Concomitant medications: Permitted: Participants continued with inhaled corticosteroids if taken at baseline; open‐label salbutamol (albuterol) was provided as rescue medication throughout the study. Restricted/not permitted: LABA or LAMA (other than study medication) during the baseline, treatment, and washout periods; short‐acting muscarinic antagonists during the treatment periods (permitted only during baseline and washout periods, with an 8‐h washout prior to assessments).
Participants Note: cross‐over study therefore participant data reported for whole cohort; baseline characteristics and participant flow reported for combined studies (MORACTO‐1 and MORACTO‐2).
N randomised: N = 586.
N analysed, n/N: TIO/OLO 2.5/5 µg: 424/442; TIO/OLO 5/5µg: 28/450; placebo: 413/438.
Mean age (SD), years: 61.7 (7.7).
Gender ‐ male, n/N (%): 417/586 (71.2).
Baseline lung function ‐ mean (SD) post‐bronchodilator % predicted FEV1: 58 (13).
Smoking status, current smoker, n/N (%): 229/586 (39.1).
Interventions Intervention: Once‐daily TIO/OLO 2.5/5 µg; once‐daily TIO/OLO 5/5µg.
Comparator: Once‐daily placebo.
Outcomes Prespecified outcomes: Primary: Inspiratory capacity at rest immediately before constant work rate cycle ergometry (assessed at 6 weeks); endurance time during constant work rate cycle ergometry.
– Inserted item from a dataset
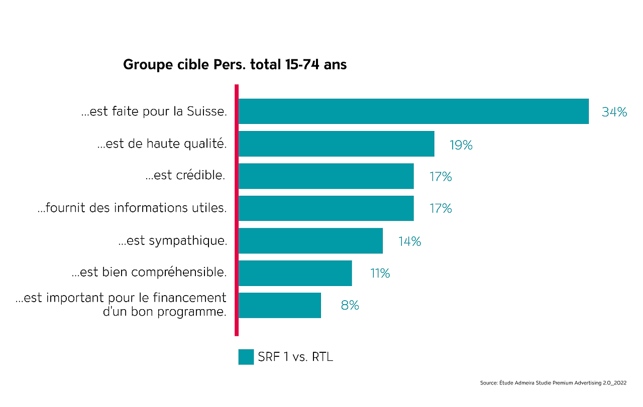 Environnement de programme: la SSR est réputée pour proposer des programmes de grande qualité. Une publicité placée dans un environnement qualitatif profite également de cette perception positive, ce qui augmente l’efficacité du message publicitaire (voir l’étude «Transfert de Valeur»).
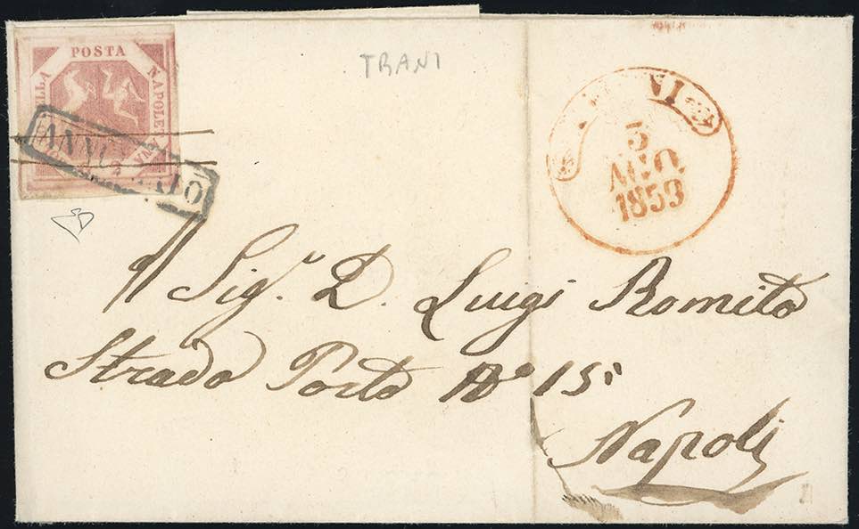 TRANI, penna annullato non catalogato - 2 grana (5d), perfetto, su sovracoperta di lettera del 3/8/1859 per Napoli. Nonostante non sia ... Read more

Secondary: Slope of the intensity of breathing discomfort during constant work rate cycle ergometry (assessed at 6 weeks); 1‐hour post‐dose FEV1 (assessed at 6 weeks).
Reported outcomes: All prespecified outcomes (see above) plus FVC and safety and tolerability.
Notes Funding for trial; notable author COIs: This work was funded by BI Pharma GmbH & Co. All authors were either employees of BI or had received research funding or honoraria from BI.
Risk of bias
Bias Authors' judgement Support for judgement
Random sequence generation (selection bias) Unclear risk Insufficient information provided.
Allocation concealment (selection bias) Unclear risk Insufficient information provided.
Blinding of participants and personnel (performance bias) 
 All outcomes Unclear risk Insufficient information provided.
Blinding of participants and personnel (objective outcomes ‐ performance bias) 
 Objective outcomes Low risk Knowledge of treatment allocation by participant or personnel would be unlikely to influence objective outcomes.
Blinding of outcome assessment (detection bias) 
 All outcomes Unclear risk Insufficient information provided.
Blinding of outcome assessment (objective outcomes ‐ detection bias) 
 All outcomes Low risk Assessment of objective outcomes would be unlikely to be influenced by knowledge of treatment allocation.
Incomplete outcome data (attrition bias) 
 All outcomes Low risk Similar attrition with similar reasons for combined treatment arm and placebo arm; discontinuation rates < 5%.
Selective reporting (reporting bias) Low risk Prespecified outcomes (clinicaltrials.gov) were well reported.
Other bias Low risk None identified.